Some journalists and, even to an extent, the Russell documentary Wild Combination, tend to eulogize the spiritual and otherworldly aspects of Russell and his music, to the exclusion of all else. Tim Lawrence’s portrait, however, captures Russell’s idiosyncratic, complex, and contradictory nature in vivid detail. Lawrence paints Russell not just as the mystical-cello-sage-cum-disco-Buddhist, but also the shy, stubbornly opaque, restless individual who could be as befuddlingly aloof as he was musically gifted. Hold On To Your Dreams casts light on the true breadth of his vision by also charting his various false starts, one-off collaborations (who would’ve imagined Russell collaborating with Vin Diesel, who was then a budding rapper?), and chance meetings. It also endeavours to reconcile the seemingly polarized musical worlds inhabited by its subject.
 
Moreover, while Hold On To Your Dreams does offer a yet-unforeseen full picture of Arthur Russell himself, it uses its subject as a foggy lens through which to glimpse the cultural climate of New York City during one of the most crucial and artistically vibrant eras.
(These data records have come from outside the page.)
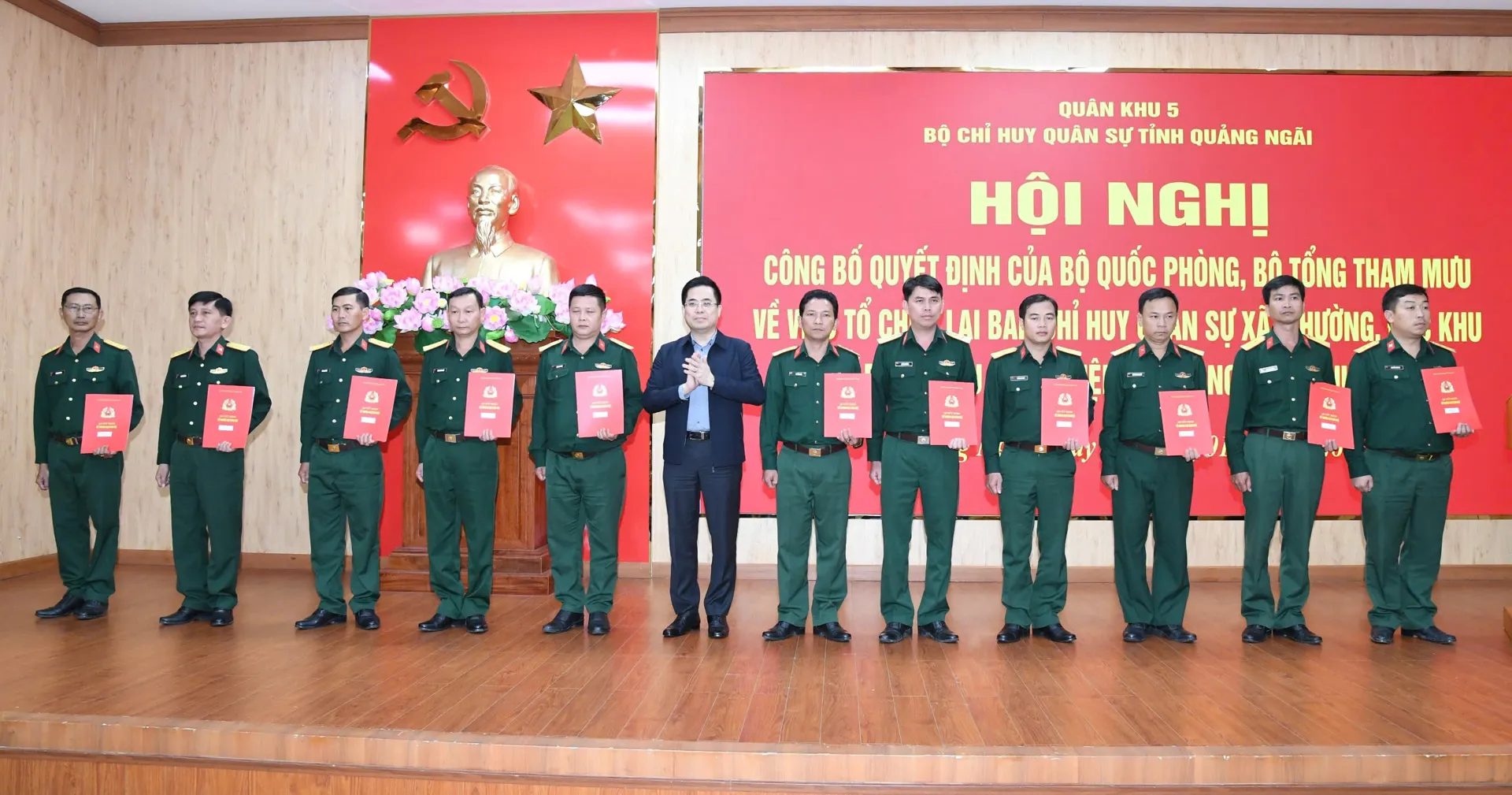 Ngày 14/1, Bộ CHQS tỉnh Quảng Ngãi tổ chức hội nghị công bố các quyết định của Bộ Quốc phòng, Bộ Tổng Tham mưu Quân đội nhân dân Việt Nam về việc tổ chức lại Ban CHQS xã, phường, đặc khu, đáp ứng yêu cầu nhiệm vụ trong tình hình mới.
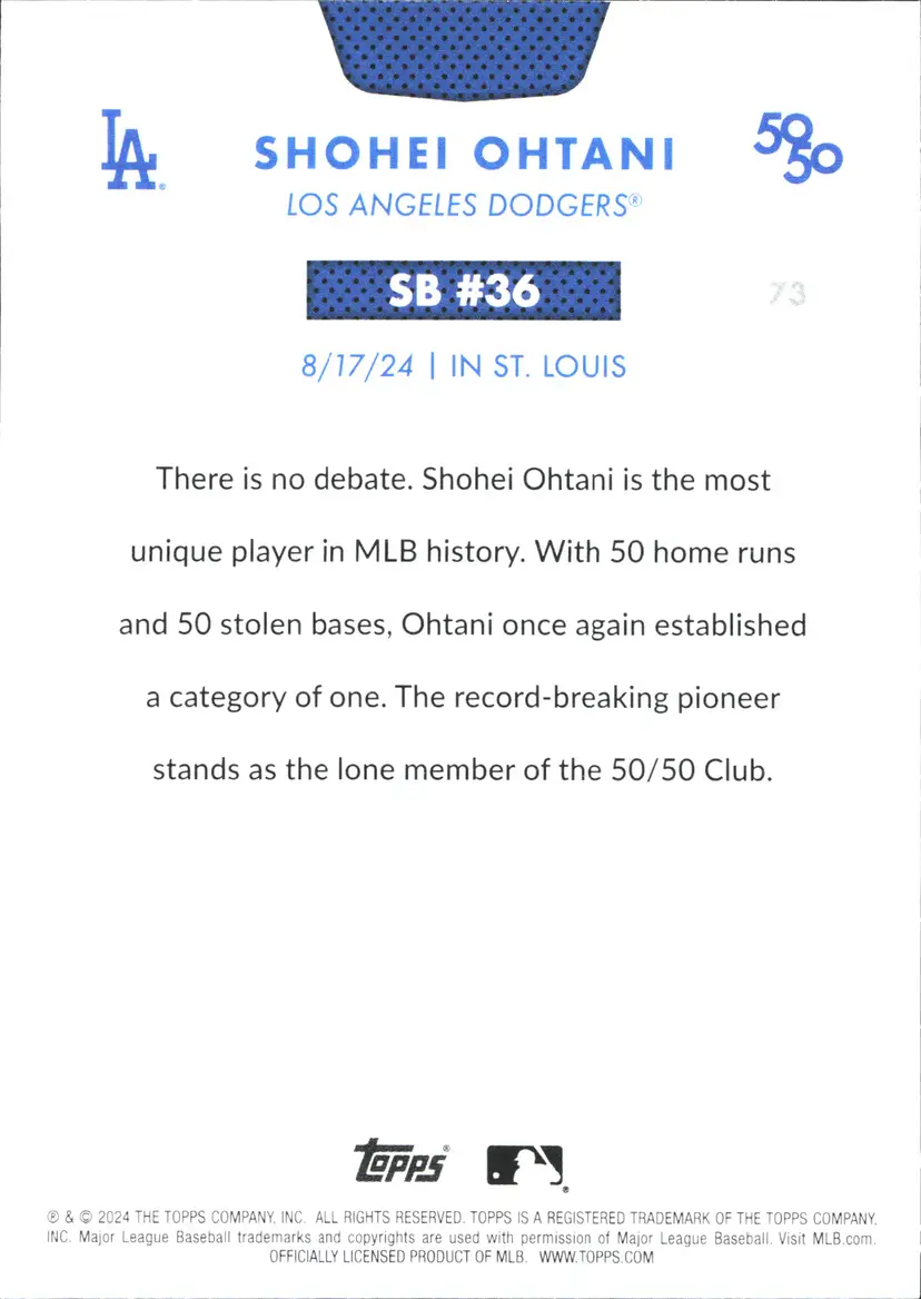 1st time buyer? Get $5 Off with code DISTRICT5 at checkout! Card as shown. All cards $20 and under ship PWE via lettertrackpro [https://www.letter-track.com/registerap.asp?AFID=8757] Type: Sports Trading Card Sport: Baseball League: Major League Baseball (MLB) Autographed: No Set: 2024 Topps 50 Manufacturer: Topps Features: Base Set Player/Athlete: Shohei Ohtani Team: Los Angeles Dodgers Card Number: 73 Season: 2024
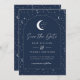 Une lune céleste et l'étoile thème enregistrer la carte de date avec un arrière - plan de marine sombre et texte blanc avec des éléments. Customisez la couleur de l'étoile motif, arrière - plan, remplissage d'arc et élément lune!
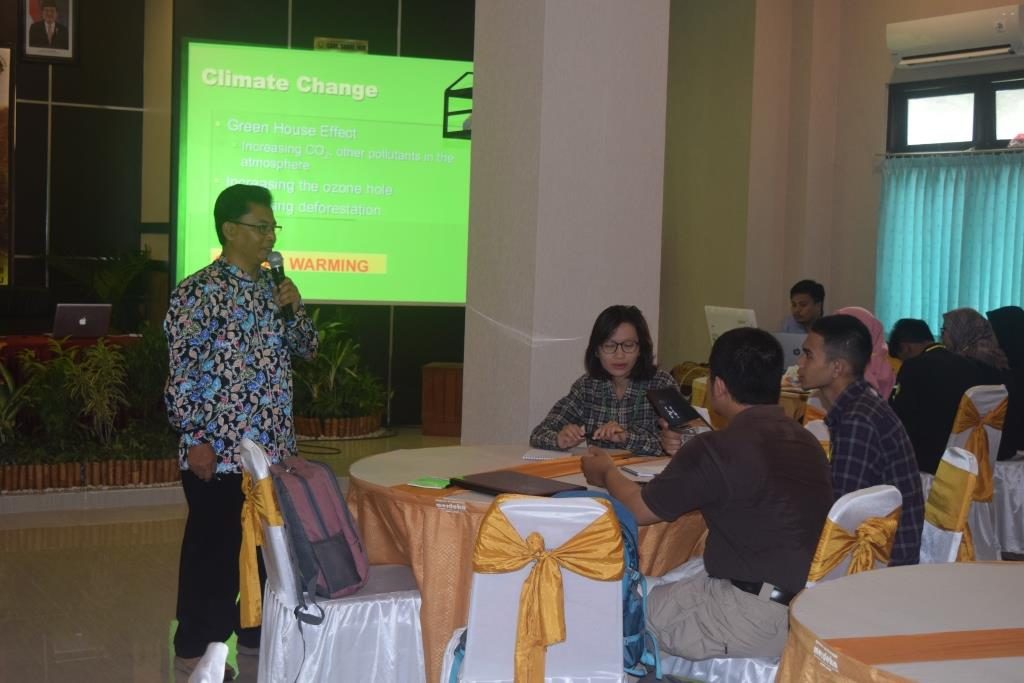 Wakil Rektor II UNEJ Drs. Wachju Subchan, M.S., Ph.D. memberikan materi pada Workshop Penghitungan Karbon di Lingkungan Universitas Jember: Peran Strategis Pendidikan Tinggi Dalam Menghadapi Perubahan Iklim dengan judul Early Warning System Cilmate Change: Peran dan Aktif Perguruan Tinggi (25/11/2018) dihadapan Seluruh Perwakilan Himpunan Pencinta Alam di Lingkungan UNEJ bertempat di aula Pascasarjana UNEJ.

Lawrence, drawing on the engagingly fragmentary style of his excellent critical evaluation of disco, Love Saves The Day, carefully situates us within the landscape that informed Russell’s work, and which Russell gently informed as well. Never one to essentialize or oversimplify though, Lawrence also is careful to trace the complex, and decidedly Downtown, network in which Russell participated. He mounts a critique of the Downtown scene, which for all its pluralism somehow didn’t manage to fully grasp the more delicate sensibilities of the cellist.
 
One is left with the impression that this critical appraisal of Russell’s work is long overdue. Though thoughtfully cautious about such narratives, Lawrence makes a cogent, if appropriately idiosyncratic, case for inducting Russell into the list of brilliant American maverick musicians.